- _TASK TO COMPLETE_
Your job is to set down the stretch of entries that opens with the line containing "Καλάθι ψάθινο φυσικό βαμβ.λευκό Φ31Η43cm" and closes with the line containing "중량ㆍ용량ㆍ매수ㆍ크기 | 상품페이지 참고 |". Keep both end lines, copy each exactly, and add nothing.

- _RECORDS FOR PROCESSING_
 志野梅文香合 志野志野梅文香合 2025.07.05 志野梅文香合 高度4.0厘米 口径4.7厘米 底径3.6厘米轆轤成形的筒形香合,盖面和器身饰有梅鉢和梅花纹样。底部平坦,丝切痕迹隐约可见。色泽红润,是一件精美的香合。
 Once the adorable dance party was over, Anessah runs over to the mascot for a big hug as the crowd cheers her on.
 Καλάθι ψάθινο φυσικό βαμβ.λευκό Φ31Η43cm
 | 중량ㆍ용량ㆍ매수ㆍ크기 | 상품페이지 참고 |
==
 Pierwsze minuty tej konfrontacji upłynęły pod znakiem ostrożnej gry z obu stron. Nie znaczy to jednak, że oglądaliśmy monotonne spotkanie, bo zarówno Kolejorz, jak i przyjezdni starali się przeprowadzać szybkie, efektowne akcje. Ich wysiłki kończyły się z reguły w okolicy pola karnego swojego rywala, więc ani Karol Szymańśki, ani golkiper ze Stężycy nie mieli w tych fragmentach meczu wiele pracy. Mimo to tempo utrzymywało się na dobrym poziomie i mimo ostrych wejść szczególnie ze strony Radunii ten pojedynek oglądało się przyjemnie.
---
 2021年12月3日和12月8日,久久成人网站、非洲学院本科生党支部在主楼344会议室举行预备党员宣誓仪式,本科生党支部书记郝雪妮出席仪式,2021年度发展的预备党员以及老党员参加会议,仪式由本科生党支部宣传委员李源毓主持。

- _RESPONSE TO THIS TASK_
 Καλάθι ψάθινο φυσικό βαμβ.λευκό Φ31Η43cm
 | 중량ㆍ용량ㆍ매수ㆍ크기 | 상품페이지 참고 |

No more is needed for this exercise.